European Central Bank Committee: Core inflation in the euro zone is still very challenging.

Zhitong Finance ·  Jun 13 08:30

ECB Governing Council member Nagel said that the Eurozone's potential consumer price index growth is proving to be stubborn.

Bundesbank President Joachim Nagel (Joachim Nagel) said that Eurozone potential consumer price index (CPI) growth is proving to be stubborn.

Nagle reiterated at the American International Economic Forum that he and his colleagues will not simply automatically reduce borrowing costs, but will judge the situation at the time of each meeting.

“Core inflation is indeed still very difficult,” Nagle said in Montreal, Canada on Wednesday. At the same time, he acknowledged that it was right to relax the policy last week. “We're on a bumpy road, but we all know that the last mile is the most complicated.”

On Thursday, the ECB cut deposit interest rates by 25 basis points after maintaining a record 4% interest rate for 9 consecutive months. However, when inflation expectations for 2024 and 2025 were raised at the same time, it sparked a debate about whether the reduction was reasonable and made investors question the next step in monetary policy.

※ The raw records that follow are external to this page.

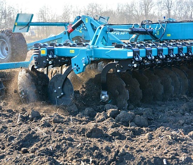 Взаимное расположение дисков рабочих органов, а также пружинного блока защиты от перегрузок позволяют работать на каменистых почвах и на полях с большим количеством растительных остатков.
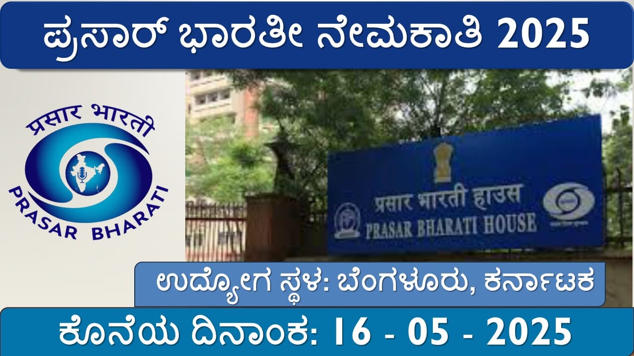 ಪ್ರಸಾರ್ ಭಾರತೀ ನೇಮಕಾತಿ 2025: ಕರ್ನಾಟಕ ರಾಜ್ಯದ ಸುದ್ದಿ ಘಟಕದಲ್ಲಿ ಸ್ಟ್ರಿಂಗರ್ ಹುದ್ದೆಗಳಿಗೆ ಅರ್ಹ ಮತ್ತು ಆಸಕ್ತ ಅಭ್ಯರ್ಥಿಗಳಿಂದ ಅರ್ಜಿಗಳನ್ನು ಆಹ್ವಾನಿಸಲಾಗಿದೆ. ಇಚ್ಛೆಯುಳ್ಳವರು 2025 ಮೇ 16ರೊಳಗೆ
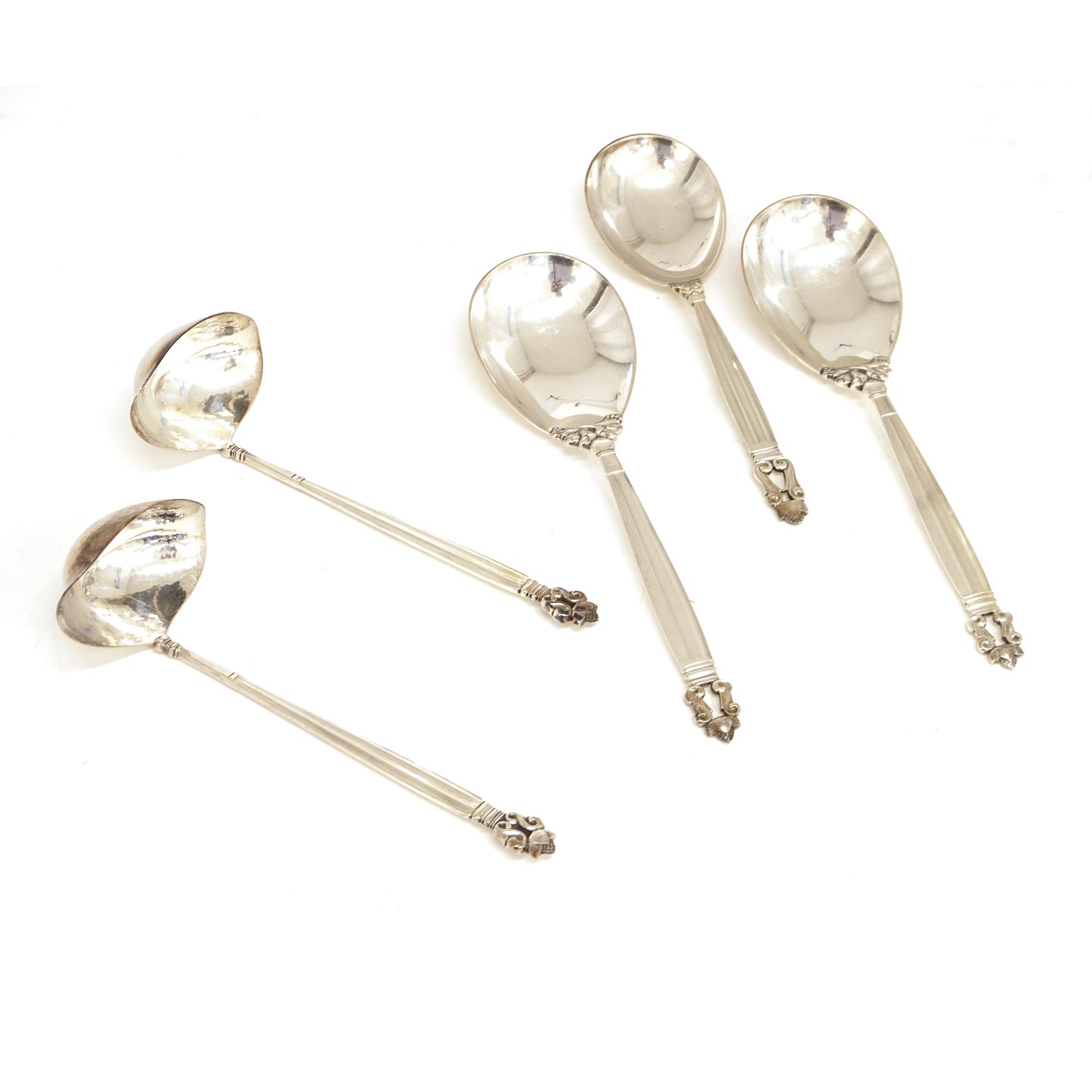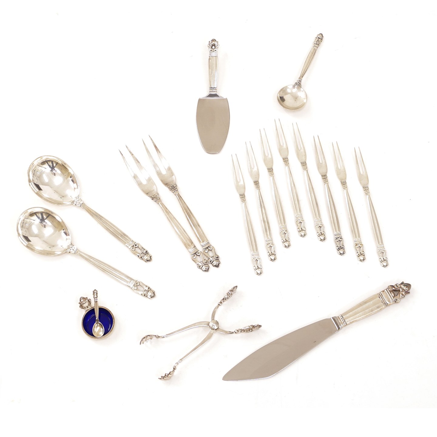Stort Georg Jensen Kongebestik i sterlingsølv til 12 personer bestående af middags- og frokostbestik samt mange forskellige serveringsdele. 126 dele i alt

“We shouldn't be too confident or too optimistic,” Nagle said. “We're not on autonomous driving,” and “the best way to deal with this is a one-on-one approach,” he added.

Earlier on Wednesday, ECB Vice President Luis de Guindos (Luis de Guindos) said that the ECB cannot make any decisions in advance this year because it faces unstable inflation and an unpredictable economic outlook. Latvian central bank governor Martins Kazaks (Martins Kazaks) said interest rates may be cut further this year, but he urged caution as inflation “sometimes makes a comeback.”

Nagle said, “In this very uncertain world, we must be very careful and not show any complacency in the task of fighting inflation.” “The work is not done yet.”

Not long ago, the Federal Reserve kept interest rates unchanged. It is expected to cut interest rates only once this year, and is expected to cut interest rates further in 2025 — strengthening the call of policymakers to keep borrowing costs high for a longer period of time.

When asked about the impact of US policy on Eurozone policy, Nagle insisted that the ECB did “formulate monetary policy for the Eurosystem,” but did acknowledge spillover effects and indirect “feedback loops.”

“Central banks on both sides of the Atlantic must be more stubborn than inflation,” he said. “This is the similarity I saw.”

The translation is provided by third-party software.